The University of California improperly admitted dozens of students based on their personal or family connections to donors and university staff, the state auditor announced Tuesday.

The audit conducted on the University of California’s admissions process found UC Berkeley, UCLA, UC San Diego, and UC Santa Barbara unfairly admitted a total of 64 applicants between 2013 and 2019.

“By admitting 64 noncompetitive applicants, the university undermined the fairness and integrity of its admissions process and deprived more qualified students of the opportunity for admission,” California State Auditor Elaine Howle said in a statement. “The university has also failed to ensure that campuses fairly and consistently treat the thousands of prospective students who apply each year.”

In response to the audit, University of California President Michael Drake said the university system is “committed to safeguarding the integrity of its admissions practices” and will take prompt action to address the issues raised in auditor’s report.

“I have zero tolerance on matters of integrity and will do everything I can to ensure inappropriate admissions do not happen on any of our campuses,” Drake said. “I sincerely appreciate the time and resources the State Auditor’s office has committed to helping us improve and strengthen our admissions policies and processes.”

The audit findings come more than a year after several wealthy parents were arrested on charges of money laundering as part of the college admissions scandal dubbed “Operation Varsity Blues,” which alleged that the parents used wealth and connections to have their children admitted to universities through means including cheating on standardized tests and bribing coaches to grant them entrance for sports they did not play.

Actress Lori Loughlin was recently sentenced to two months in federal prison for her role in this particular scheme that helped her daughters gain admission into the University of Southern California.

The University of California campuses admitted 22 of the 64 students through their student-athlete admissions processes, even though the students did not have the athletic qualifications to compete at the universities, Howle said.
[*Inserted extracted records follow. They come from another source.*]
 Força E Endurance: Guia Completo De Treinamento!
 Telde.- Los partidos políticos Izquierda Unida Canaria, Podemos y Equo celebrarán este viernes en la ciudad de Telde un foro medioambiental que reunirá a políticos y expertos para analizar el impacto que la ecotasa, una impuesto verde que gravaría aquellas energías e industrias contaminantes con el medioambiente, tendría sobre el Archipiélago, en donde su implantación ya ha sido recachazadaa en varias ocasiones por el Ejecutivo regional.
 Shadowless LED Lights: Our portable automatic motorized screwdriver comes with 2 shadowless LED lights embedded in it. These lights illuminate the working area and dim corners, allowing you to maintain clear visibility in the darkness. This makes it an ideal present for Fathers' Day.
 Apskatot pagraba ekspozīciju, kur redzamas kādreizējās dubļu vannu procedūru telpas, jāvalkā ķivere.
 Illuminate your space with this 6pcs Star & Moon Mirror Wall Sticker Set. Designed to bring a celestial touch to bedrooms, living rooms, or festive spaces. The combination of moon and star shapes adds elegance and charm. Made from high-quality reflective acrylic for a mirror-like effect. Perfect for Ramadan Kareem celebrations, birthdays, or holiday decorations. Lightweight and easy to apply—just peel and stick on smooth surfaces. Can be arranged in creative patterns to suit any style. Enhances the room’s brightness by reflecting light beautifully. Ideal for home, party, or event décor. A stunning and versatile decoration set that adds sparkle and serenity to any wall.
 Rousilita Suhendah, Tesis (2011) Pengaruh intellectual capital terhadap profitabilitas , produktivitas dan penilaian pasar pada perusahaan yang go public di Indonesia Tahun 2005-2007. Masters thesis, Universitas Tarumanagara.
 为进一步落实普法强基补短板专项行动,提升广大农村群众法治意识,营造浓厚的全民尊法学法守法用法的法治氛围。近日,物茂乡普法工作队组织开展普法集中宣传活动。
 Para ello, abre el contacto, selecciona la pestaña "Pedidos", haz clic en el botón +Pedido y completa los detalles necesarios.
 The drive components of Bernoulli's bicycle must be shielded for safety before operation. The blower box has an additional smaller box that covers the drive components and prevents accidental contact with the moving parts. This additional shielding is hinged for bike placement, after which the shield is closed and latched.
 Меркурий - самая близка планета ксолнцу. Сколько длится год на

UC Berkley unfairly admitted 42 who were connected to staff and donors.

The report released Tuesday said these applicants were less qualified than many others for whom the campus denied admission. “In fact, some of these applicants received the lowest possible scores on their applications,” the report said.

Neither UC Berkeley nor UCLA have developed methodologies for how they determine which applicants to admit, according to the audit.

And inadequate training and monitoring of the staff who review applications at those schools, as well as UC San Diego, also unfairly affected applicants’ chances of admission, the audit said.

“We found that staff were sometimes overly strict or overly lenient in their review of applications, thereby making the applicants’ chances of admission unduly dependent on the individual staff who rated them rather than on the students’ qualifications,” Howle said.

These practices are continuing due to a lack of adequate oversight of campuses’ admissions processes, the auditor said. She called for stronger standards to guarantee fairness and to detect and prevent inappropriate admissions decisions moving forward.

The auditor recommended that the office of the university system president require all campuses to verify the athletic talents of prospective student athletes and review donation records for indicators of inappropriate activity before they are admitted.

“Instead of this independent verification, the campuses largely relied on coaches’ assertions that prospective student athletes were athletically qualified,” Howle said.